A South African-based researcher from Stellenbosch University has developed algorithms that can prevent unmanned aerial vehicle (UAV) collisions.
This, as automation has led to an increase in the use of UAVs, commonly known as drones, in many fields, ranging from the film industry to agricultural applications to military operations.
Stellenbosch University says this boom has created new challenges for automation to overcome, such as the need for UAVs to fly in crowded airspaces and avoid colliding with each other.
To help address the deficiency in inter-UAV collision avoidance capabilities, the varsity says Dr Lauren Meiring developed and evaluated co-operative collision avoidance algorithms for UAVs that are capable of avoiding short-term collisions with static and dynamic obstacles, as well as collisions between UAVs while communicating their positions, velocities and intended flight trajectories in complex environments.

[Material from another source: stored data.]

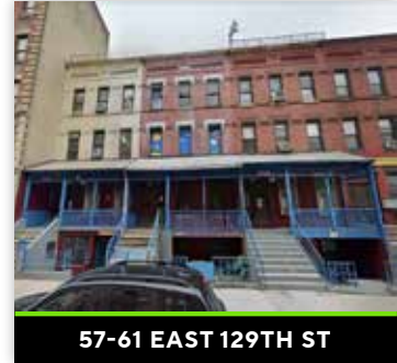
57-61 EAST 129TH ST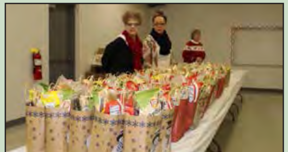
Stroehmann/Maier's and Canteen Food were generous in their donations for the Kid's party. Each child received a bag of goodies before they departed.

and provide a bag of treats for each kid to take home with them. Please think of both companies' generosity to the Teamster's community next time you have a snack or shopping need.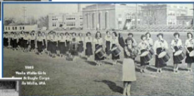
1949 Walla Walla Girls & Bugle Corps Walla, WA

They competed in drum corps contests from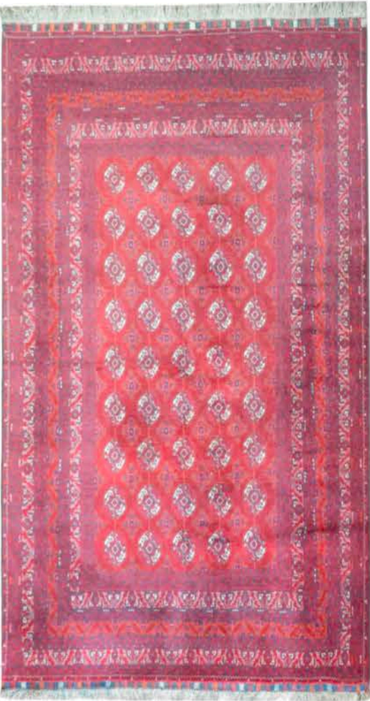
FLOORING MATERIAL Vintage Afghani Turkoman Rug with Floral Detailing $3,650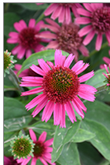
Delicious Candy Coneflower flowers

Delicious Candy Coneflower is recommended for the following landscape applications;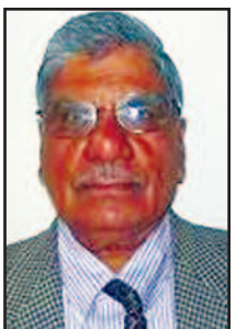
Founding Member, Shri Guru Ravidass Temple, Pittsburg (California)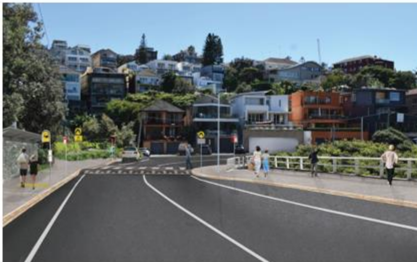
Render 1. Raised pedestrian crossing

Waverley Council PO Box 9, Bondi Junction NSW 1355 DX 12006, Bondi Junction Customer Service Centre 55 Spring Street, Bondi Junction NSW 2022 ABN: 12 502 583 608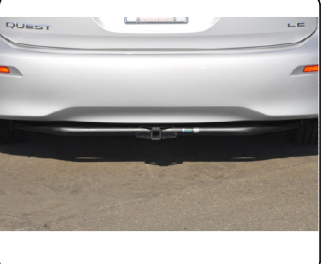
For more information log onto www.curtmfg.com, & for helpful towing tips log onto www.hitchinfo.com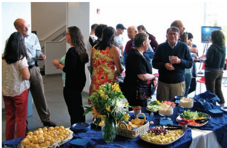
Reception in the Nautilus Cafe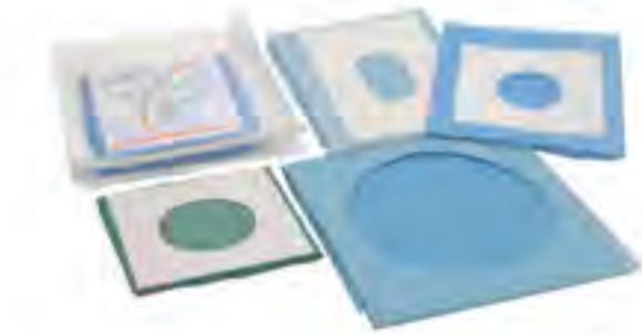
SK12 - Surgical Drape with hole Size: 50 x 50cm, 50 x 60cm, 60 x 60cm, 75 x 75cm, 90 x 90cm, etc. Color: blue, green, white, etc. Material: SMS, PP + PE, impregnated cloth + PE, etc. Type: adhesive or non-adhesive.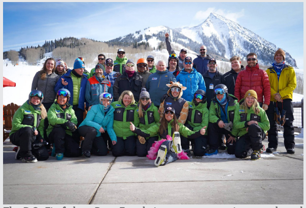
The D.C. Firefighter Burn Foundation spent a sometimes rowdy and always adventurous week skiing and ice climbing.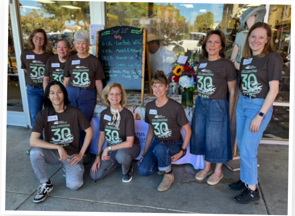
The Los Gatos Birdwatcher Team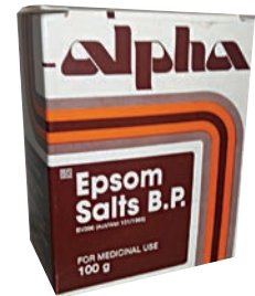
ALPHA EPSOM SALTS 100G PRODUCT CODE: 63395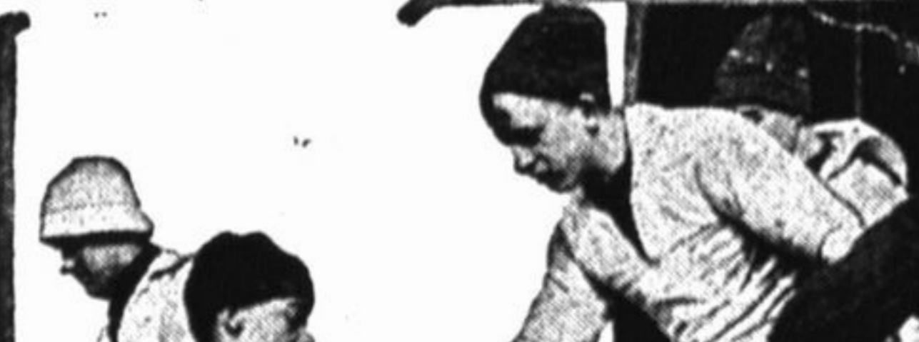
The naval collier Caesar being loaded at New York with a cargo of food-stuffs, clothing and medical supplies for Syrian relief. This is America's Christmas ship to the Armenians.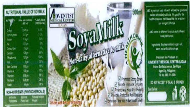
Figure 3. Unregistered ADVENTIST MEDICAL CENTER SoyaMilk Non-dairy Alternative to Milk

The FDA verified through post-marketing surveillance that the abovementioned food products are not registered and the Certificate of Product Registration (CPR) have not yet been issued. Pursuant to the Republic Act No. 9711, otherwise known as the “Food and Drug Administration Act of 2009”, the manufacture, importation, exportation, sale, offering for sale, distribution, transfer, non-consumer use, promotion, advertising or sponsorship of health products without the proper authorization is prohibited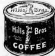
In the original Vacuum Pack which keeps the coffee fresh.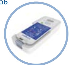
Inogen One G5 Lithium Ion Battery* Up to 6.5 hours run time Item #BA-500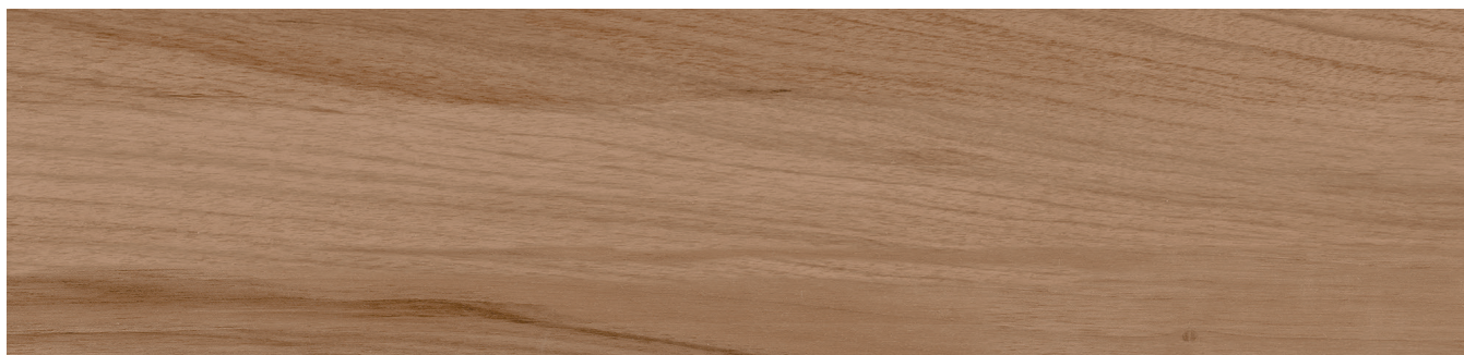
RLX02 ▶ Nutmeg UP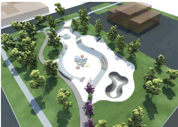
Eighth St Skatepark Etobicoke 930 sq. m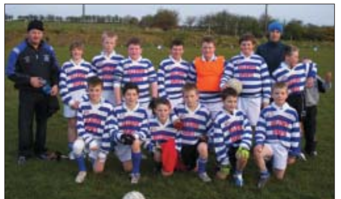
Under 12 Panel 2008 (A Championship Finalists '08)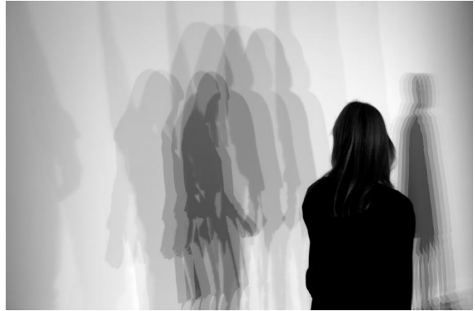
8 Olafur Eliasson, Slow-motion shadow, 2009 Installation view: 21st Century Museum of Contemporary Art, Kanazawa, Japan, 2009-2010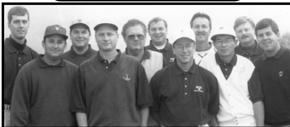
1996 Missouri Cup East Team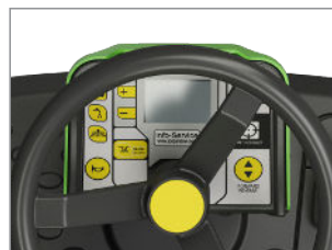
PRESET WORKING PROGRAMS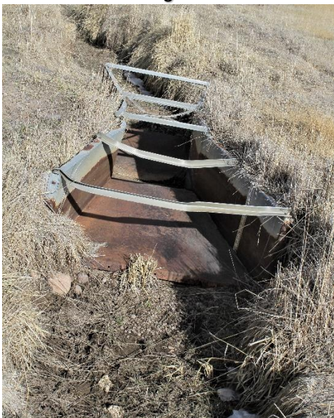
Flume looking downstream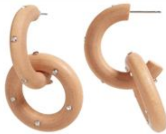
Banana Republic BANANA REPUBLIC $48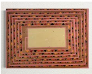
Chuck Webster (1970-) Dutch Ripple Oil on panel Date: 2003 Size: 10 3/4" x 13 15"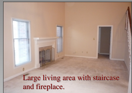
Large living area with staircase and fireplace.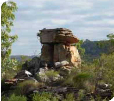
Arnhem Plateau Sandstone Shrubland Complex

Three ecological communities have been listed as threatened under national environment law. They are: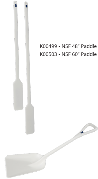
K00499 - NSF 48" Paddle K00503 - NSF 60" Paddle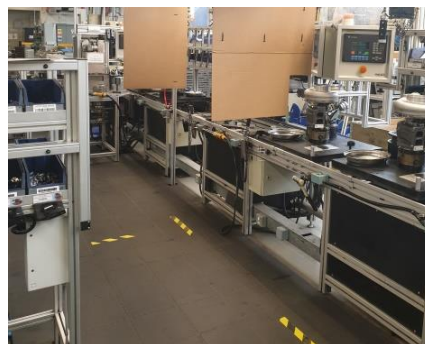
Temporary board dividers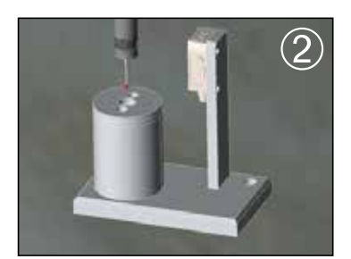
The probe automatically moves over the cleaning device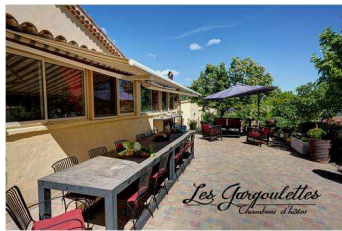
Days 1, 2 and 6:

Inn to Inn trips cannot guarantee the same level of comfort every night: one of the pleasures of a horseback riding trip is the variety ! We chose the accommodations for their location on the itinerary and for the quality of their welcome. With varying degrees of comfort, you will always have a memory: a good meal, a particularly pleasant atmosphere, or an exceptional setting. The price is not justified by luxury accommodation, but by the high logistical costs on an online horse riding trip.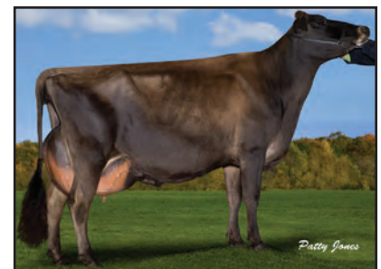
BRIDON LEGION ESSENCE Sister to the Dam of Lot 13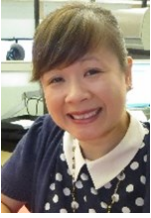
New Program Team Members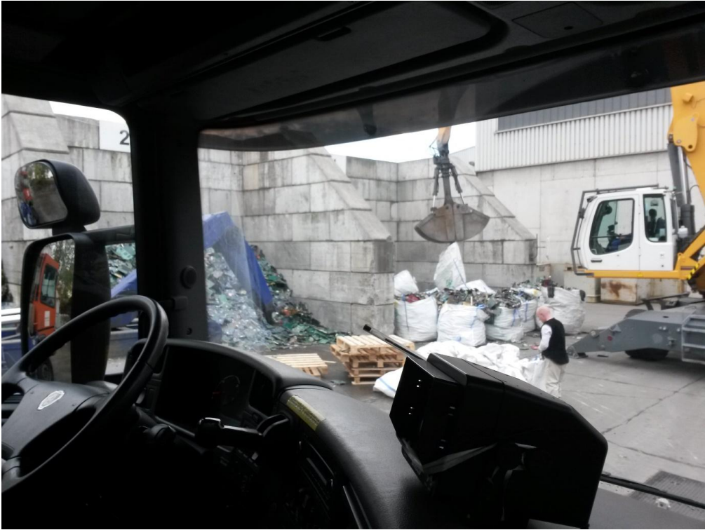
Figure 5: Ordering practices and tools at a formal recycler's site.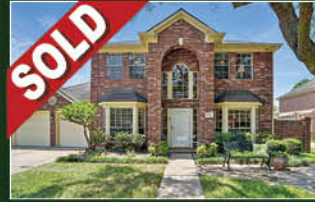
14103 Manderly 4 Bed / 3.5 Bath In Heart of Energy Corridor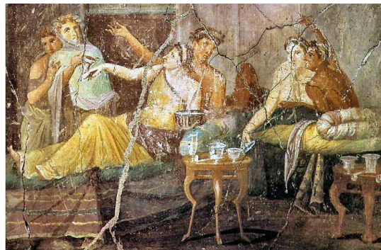
The Feast of Trimalchio, wall mural, Pompeii

The safest way to judge the dining of the first century is to employ archaeology and stick to the murals found in Pompeii. Tables with wooden legs were burned due to the volcano in 79 AD (Pompeii & Herculaneum) and the ravages of time wherein organics—such as wood, cloth, and other perishable items—and are no longer available to give us a truly accurate picture of dining in the first century.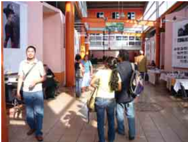
Figure 12. Mexico City audiences viewing the exhibitions at El Centro Multidisciplinario, "El Casetón," Iztapalapa, Mexico City, April 2010.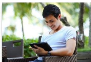
User Friendly Platform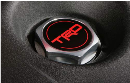
TRD Forged Aluminum Oil Cap $87.35

Enhance your connection to your Tundra every time you shift with the TRD Shift Knob. Delivers an enhanced shifting feel while providing an impressive addition to your interior.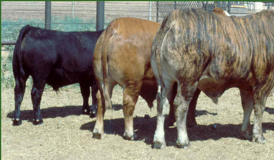
Stephen P. Hammack and Ronald J. Gill*

B ody size is an important genetic factor in beef cattle production. Historically, size was first estimated by measurements such as height or length. As scales were developed, weight became more common as a measure of size. Although measurement and weight are related, their rates of maturity differ. By 7 months of age, cattle reach about 80 percent of mature height but only 35 to 45 percent of mature weight. At 12 months, about 90 percent of mature height is reached, compared with only 50 to 60 percent of mature weight.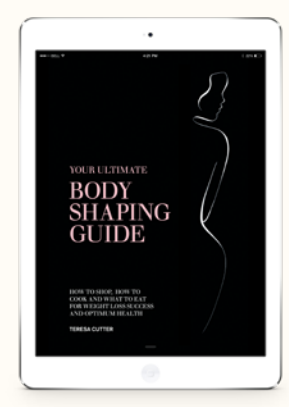
YOUR ULTIMATE BODY SHAPING GUIDE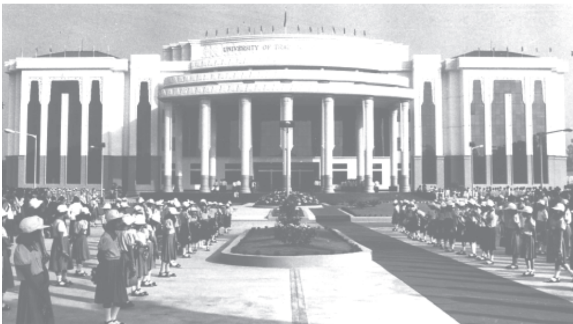
The newly-built University of Traditional Medicine in Mandalay.

Meiring recently obtained her doctorate in Electronic Engineering at Stellenbosch University. The title of her thesis was “Cooperative collision avoidance strategies for unmanned aerial vehicles”.
A recent report by IndustryArc found the South African small drones market is estimated to reach $134.5 million by 2025, growing at a CAGR of 22.35% from 2020 to 2025.
In South Africa, it says, the growth of the mining industry, developments in more data accurate drone technology, presence of the dominant players in hardware, as well as niche applications are driving the growth of the market.
“Currently, there is no commonly implemented collision avoidance system that prevents inter-UAV collisions,” Meiring says.
“Some commercially available UAVs do implement collision avoidance, but only for static obstacles. When UAVs are equipped with inter-UAV collision avoidance, it is normally to achieve a specialised task and, as such, is not applicable to independent UAVs performing individual tasks.
“These UAVs are assumed to be following long-term routes, such as flying between warehouses. When a collision is predicted along these routes, all UAVs cooperate to plan and execute short-term collision avoidance trajectories. The UAVs use horizontal, vertical, or three-dimensional manoeuvres to avoid collisions with one another, with static terrain and with dynamic obstacles.”
According to Meiring, current collision avoidance technologies used in commercial airspace − TCAS (Traffic Alert and Collision Avoidance System) and GPWS (Ground Proximity Warning System) − are rules-based, non-cooperative and decoupled approaches that are not suitable for UAV collision avoidance in an extremely congested airspace with complex terrain.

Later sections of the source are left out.